TASK REQUIREMENTS: With pictures removed, output every record below exactly as written.

RAW DATA START

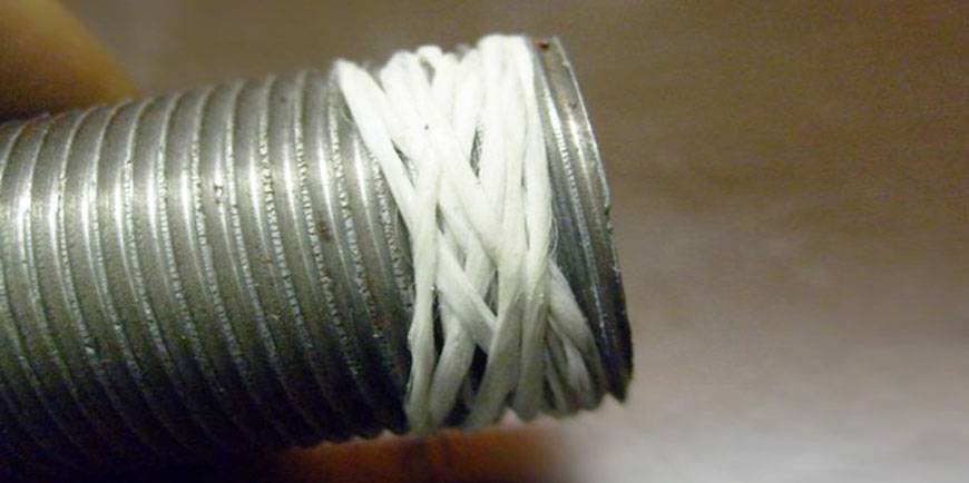 Уплотнительная нить тоже имеет множество недостатков. Она неустойчива к вибрациям и не может эксплуатироваться в среде чистого кислорода, как и фум-лента. Чтобы обеспечить сцепление нити с поверхностью необходимо будет обработать резьбу до получения шероховатости.
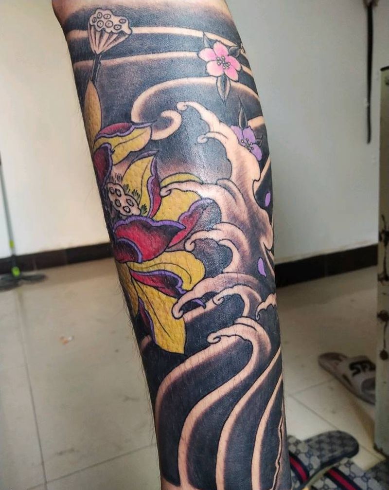 • T网红王老大花腿龙纹身图片_腿部新传统纹身图案
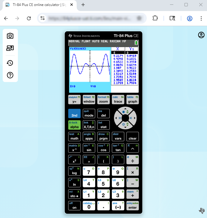 Introduction to the TI-84 Plus CE online calculator Workspace
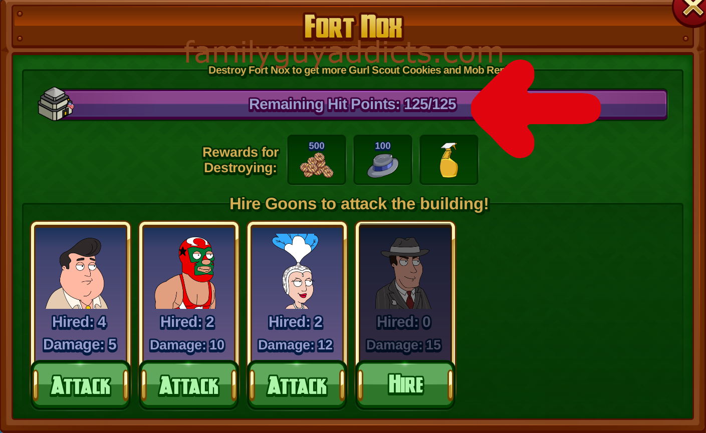 Damage: This is where it will tell you just how much Damage this Goons Attack will do to Fort Nox. Right now, mine is showing 5. That means for every Wiseguy Goon I send to Attack Fort Nox, 5 Damage will be subtracted from the 125 Hit Points on Fort Nox.
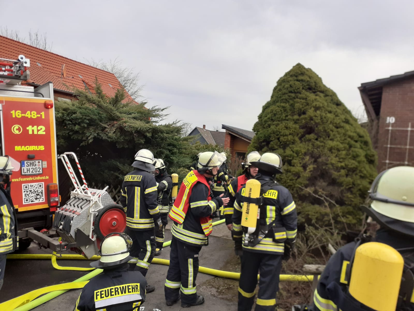 Ein Trupp der Feuerwehr Lindhorst begab sich unverzüglich nach dem Eintreffen unter schwerem Atemschutz in die Wohnung, um die vermisste Person zu suchen und eine Menschenrettung durchzuführen.
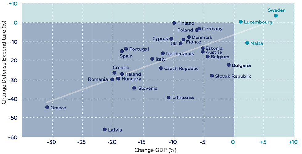 FIGURE 1: EU28 GDP AND DEFENSE EXPENDITURE CHANGES 2008-2012[1]
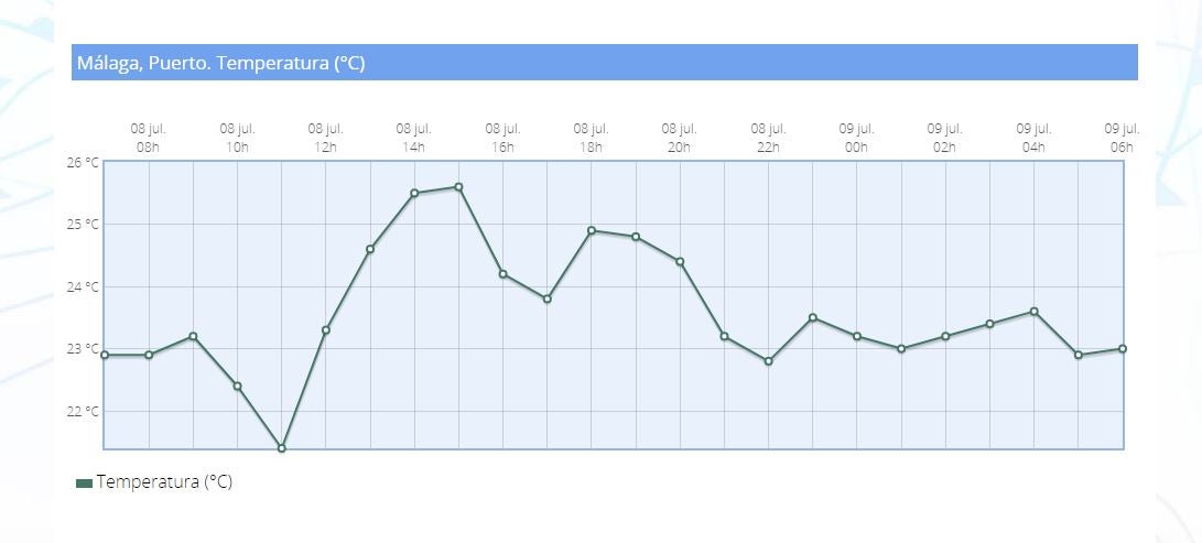 Muy buenos días, amigos de la meteo. Almohada y sabanas empapas de sudor, en toda la madrugada no hemos bajado en la capital del 85% de humedad. Menos mal que la temperatura han rondado los 23 grados, gracias a las brisas marinas, el mar sigue frío gracias al terral. Llegará la madrugada que estemos a 27 grados y con una humedad del 90%, la sensación térmica será de 33 grados.
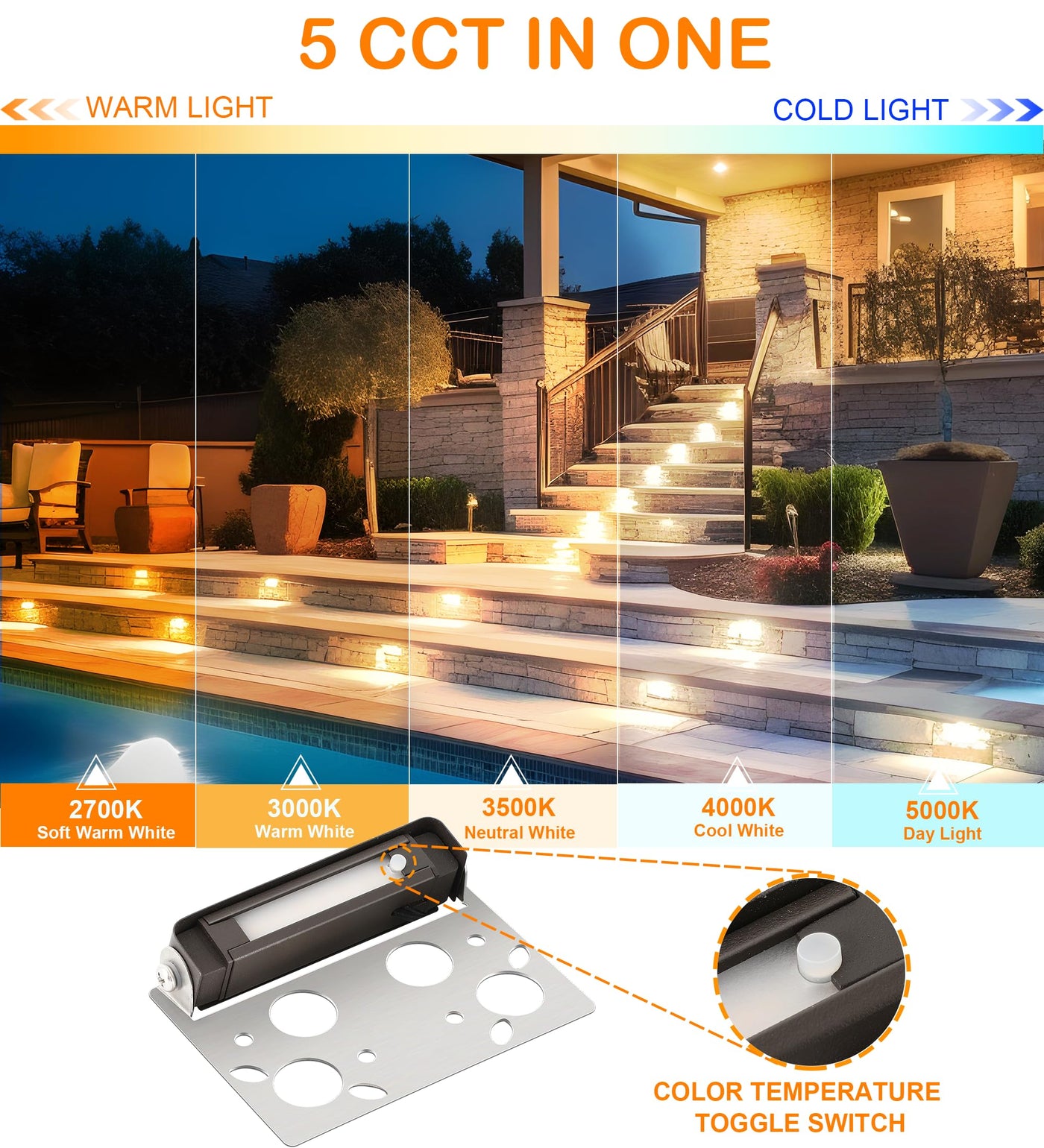 Q: What are the available color temperatures for the CLOUDY BAY Hardscape Paver Light?A: The CLOUDY BAY Hardscape Paver Light features five selectable color temperatures: 2700K, 3000K, 3500K, 4000K, and 5000K. This allows you to choose the perfect ambiance for your outdoor space.

RAW DATA END

EXPECTED OUTPUT:
 Уплотнительная нить тоже имеет множество недостатков. Она неустойчива к вибрациям и не может эксплуатироваться в среде чистого кислорода, как и фум-лента. Чтобы обеспечить сцепление нити с поверхностью необходимо будет обработать резьбу до получения шероховатости.
 • T网红王老大花腿龙纹身图片_腿部新传统纹身图案
 Introduction to the TI-84 Plus CE online calculator Workspace
 Damage: This is where it will tell you just how much Damage this Goons Attack will do to Fort Nox. Right now, mine is showing 5. That means for every Wiseguy Goon I send to Attack Fort Nox, 5 Damage will be subtracted from the 125 Hit Points on Fort Nox.
 Ein Trupp der Feuerwehr Lindhorst begab sich unverzüglich nach dem Eintreffen unter schwerem Atemschutz in die Wohnung, um die vermisste Person zu suchen und eine Menschenrettung durchzuführen.
 FIGURE 1: EU28 GDP AND DEFENSE EXPENDITURE CHANGES 2008-2012[1]
 Muy buenos días, amigos de la meteo. Almohada y sabanas empapas de sudor, en toda la madrugada no hemos bajado en la capital del 85% de humedad. Menos mal que la temperatura han rondado los 23 grados, gracias a las brisas marinas, el mar sigue frío gracias al terral. Llegará la madrugada que estemos a 27 grados y con una humedad del 90%, la sensación térmica será de 33 grados.
 Q: What are the available color temperatures for the CLOUDY BAY Hardscape Paver Light?A: The CLOUDY BAY Hardscape Paver Light features five selectable color temperatures: 2700K, 3000K, 3500K, 4000K, and 5000K. This allows you to choose the perfect ambiance for your outdoor space.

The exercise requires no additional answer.